**WHAT TO DO:**
Retype all of the entries precisely.

**Extracted records:**
┌──

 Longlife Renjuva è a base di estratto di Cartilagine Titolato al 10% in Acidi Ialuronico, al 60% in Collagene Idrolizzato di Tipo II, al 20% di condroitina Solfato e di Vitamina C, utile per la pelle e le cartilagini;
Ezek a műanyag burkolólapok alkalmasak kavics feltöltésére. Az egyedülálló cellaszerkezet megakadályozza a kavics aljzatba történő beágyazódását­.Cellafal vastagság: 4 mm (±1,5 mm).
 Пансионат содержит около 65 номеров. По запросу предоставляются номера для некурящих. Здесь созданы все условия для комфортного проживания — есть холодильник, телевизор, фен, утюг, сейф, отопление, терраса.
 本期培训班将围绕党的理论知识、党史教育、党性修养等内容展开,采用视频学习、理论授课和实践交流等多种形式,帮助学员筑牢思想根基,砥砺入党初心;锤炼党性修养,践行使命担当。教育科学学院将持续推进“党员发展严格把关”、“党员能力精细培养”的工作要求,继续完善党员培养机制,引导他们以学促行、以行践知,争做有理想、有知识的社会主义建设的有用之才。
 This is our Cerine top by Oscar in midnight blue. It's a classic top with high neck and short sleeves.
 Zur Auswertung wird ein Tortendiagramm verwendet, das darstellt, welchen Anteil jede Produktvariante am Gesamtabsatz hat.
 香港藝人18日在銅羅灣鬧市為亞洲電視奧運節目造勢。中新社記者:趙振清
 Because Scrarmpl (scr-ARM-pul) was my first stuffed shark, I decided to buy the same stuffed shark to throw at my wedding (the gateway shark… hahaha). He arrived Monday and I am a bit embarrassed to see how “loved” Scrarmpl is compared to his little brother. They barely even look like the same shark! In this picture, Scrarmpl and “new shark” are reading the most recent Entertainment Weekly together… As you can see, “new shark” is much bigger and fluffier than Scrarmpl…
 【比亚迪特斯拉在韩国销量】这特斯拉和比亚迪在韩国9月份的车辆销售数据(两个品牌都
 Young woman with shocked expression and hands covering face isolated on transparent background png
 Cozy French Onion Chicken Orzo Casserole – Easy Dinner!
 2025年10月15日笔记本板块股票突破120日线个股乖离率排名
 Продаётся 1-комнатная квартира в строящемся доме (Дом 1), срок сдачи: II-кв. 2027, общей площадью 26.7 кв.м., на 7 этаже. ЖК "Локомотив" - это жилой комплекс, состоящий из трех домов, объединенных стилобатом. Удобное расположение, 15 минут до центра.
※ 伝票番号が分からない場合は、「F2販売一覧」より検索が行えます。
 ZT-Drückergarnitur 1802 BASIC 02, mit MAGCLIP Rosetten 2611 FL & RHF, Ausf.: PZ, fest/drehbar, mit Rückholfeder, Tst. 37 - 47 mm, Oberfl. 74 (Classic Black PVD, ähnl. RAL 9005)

└──

**SOLVED EXERCISE:**
 Longlife Renjuva è a base di estratto di Cartilagine Titolato al 10% in Acidi Ialuronico, al 60% in Collagene Idrolizzato di Tipo II, al 20% di condroitina Solfato e di Vitamina C, utile per la pelle e le cartilagini;
Ezek a műanyag burkolólapok alkalmasak kavics feltöltésére. Az egyedülálló cellaszerkezet megakadályozza a kavics aljzatba történő beágyazódását­.Cellafal vastagság: 4 mm (±1,5 mm).
 Пансионат содержит около 65 номеров. По запросу предоставляются номера для некурящих. Здесь созданы все условия для комфортного проживания — есть холодильник, телевизор, фен, утюг, сейф, отопление, терраса.
 本期培训班将围绕党的理论知识、党史教育、党性修养等内容展开,采用视频学习、理论授课和实践交流等多种形式,帮助学员筑牢思想根基,砥砺入党初心;锤炼党性修养,践行使命担当。教育科学学院将持续推进“党员发展严格把关”、“党员能力精细培养”的工作要求,继续完善党员培养机制,引导他们以学促行、以行践知,争做有理想、有知识的社会主义建设的有用之才。
 This is our Cerine top by Oscar in midnight blue. It's a classic top with high neck and short sleeves.
 Zur Auswertung wird ein Tortendiagramm verwendet, das darstellt, welchen Anteil jede Produktvariante am Gesamtabsatz hat.
 香港藝人18日在銅羅灣鬧市為亞洲電視奧運節目造勢。中新社記者:趙振清
 Because Scrarmpl (scr-ARM-pul) was my first stuffed shark, I decided to buy the same stuffed shark to throw at my wedding (the gateway shark… hahaha). He arrived Monday and I am a bit embarrassed to see how “loved” Scrarmpl is compared to his little brother. They barely even look like the same shark! In this picture, Scrarmpl and “new shark” are reading the most recent Entertainment Weekly together… As you can see, “new shark” is much bigger and fluffier than Scrarmpl…
 【比亚迪特斯拉在韩国销量】这特斯拉和比亚迪在韩国9月份的车辆销售数据(两个品牌都
 Young woman with shocked expression and hands covering face isolated on transparent background png
 Cozy French Onion Chicken Orzo Casserole – Easy Dinner!
 2025年10月15日笔记本板块股票突破120日线个股乖离率排名
 Продаётся 1-комнатная квартира в строящемся доме (Дом 1), срок сдачи: II-кв. 2027, общей площадью 26.7 кв.м., на 7 этаже. ЖК "Локомотив" - это жилой комплекс, состоящий из трех домов, объединенных стилобатом. Удобное расположение, 15 минут до центра.
※ 伝票番号が分からない場合は、「F2販売一覧」より検索が行えます。
 ZT-Drückergarnitur 1802 BASIC 02, mit MAGCLIP Rosetten 2611 FL & RHF, Ausf.: PZ, fest/drehbar, mit Rückholfeder, Tst. 37 - 47 mm, Oberfl. 74 (Classic Black PVD, ähnl. RAL 9005)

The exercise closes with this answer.